Now is the time for focusing on what I will be a part of. For this upcoming academic year I will be prepping four different courses. Three of them are high school English. The fourth is world geography. It's a good thing I love teaching, as my first few months will find me knee deep in course materials. I'll also be helping my Ugandan brother with his new project- partnering university students with Kampalan orphans in a mentorship program (more on that in a future post.) And lest we forget, my heart still beats with the children of Kanungu, my little village in Southwest Uganda. Once I'm settled, dear friends, I will be figuring out how to raise the funds for the region's first library and literacy center, and asking you for support.

Wow. Just Telling you about all of that has me excited again.
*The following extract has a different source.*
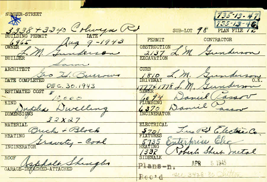 3338 Colwyn Road Shaker Heights, OH 44120 PARCEL ID: 735-13-047 Building Permit Date: 08-09-1943 Plan File Number: 12, 2924 scanned, 3249 Microfilm Roll: Roll041, Roll#47 Neighborhood: Moreland Owner: Gunderson, L. M. Builder: Gunderson, L. M. Architect: Burrows, George H. Estimated Cost: 10000 Date Completed: 12-30-1943 Kind: Duplex or Two-Family Material: Brick and Block Heating: Gravity System Roof: Asphalt Shingles |

Last year, when I told my friends in the village that I would do something or that something was sure to happen, their response invariably was, "We will pray for it." At the time I thought it was their polite way of saying, 'yea, right.' But now I see the wisdom in it.  If you can't control it, don't pretend that you can. As a Westerner, it's a hard concession to make.
Consider me working on it.

Lots of Love,

Diane

P.S.- I got another sign of wonderfulness this morning. The church that I've done a theology refresher class with has just had two mission groups return from abroad. They had members of the congregation serving in Haiti and Uganda (their chosen Ugandan village is just a few hours north of my own Kanungu.) Today's service was the first Sunday that everyone had been back for. Since my plane flies tomorrow, I had been looking forward to catching up with my study group of friends (some who had been away on these trips,) and saying my last goodbyes. When I walked into the sanctuary, I was greeted by this sight: more than a dozen men and women adorned in bright Uganda Cranes jerseys. A small thing, but it felt like I was one step closer to home already. And I felt pure joy. I know I'm going exactly where I'm meant to be.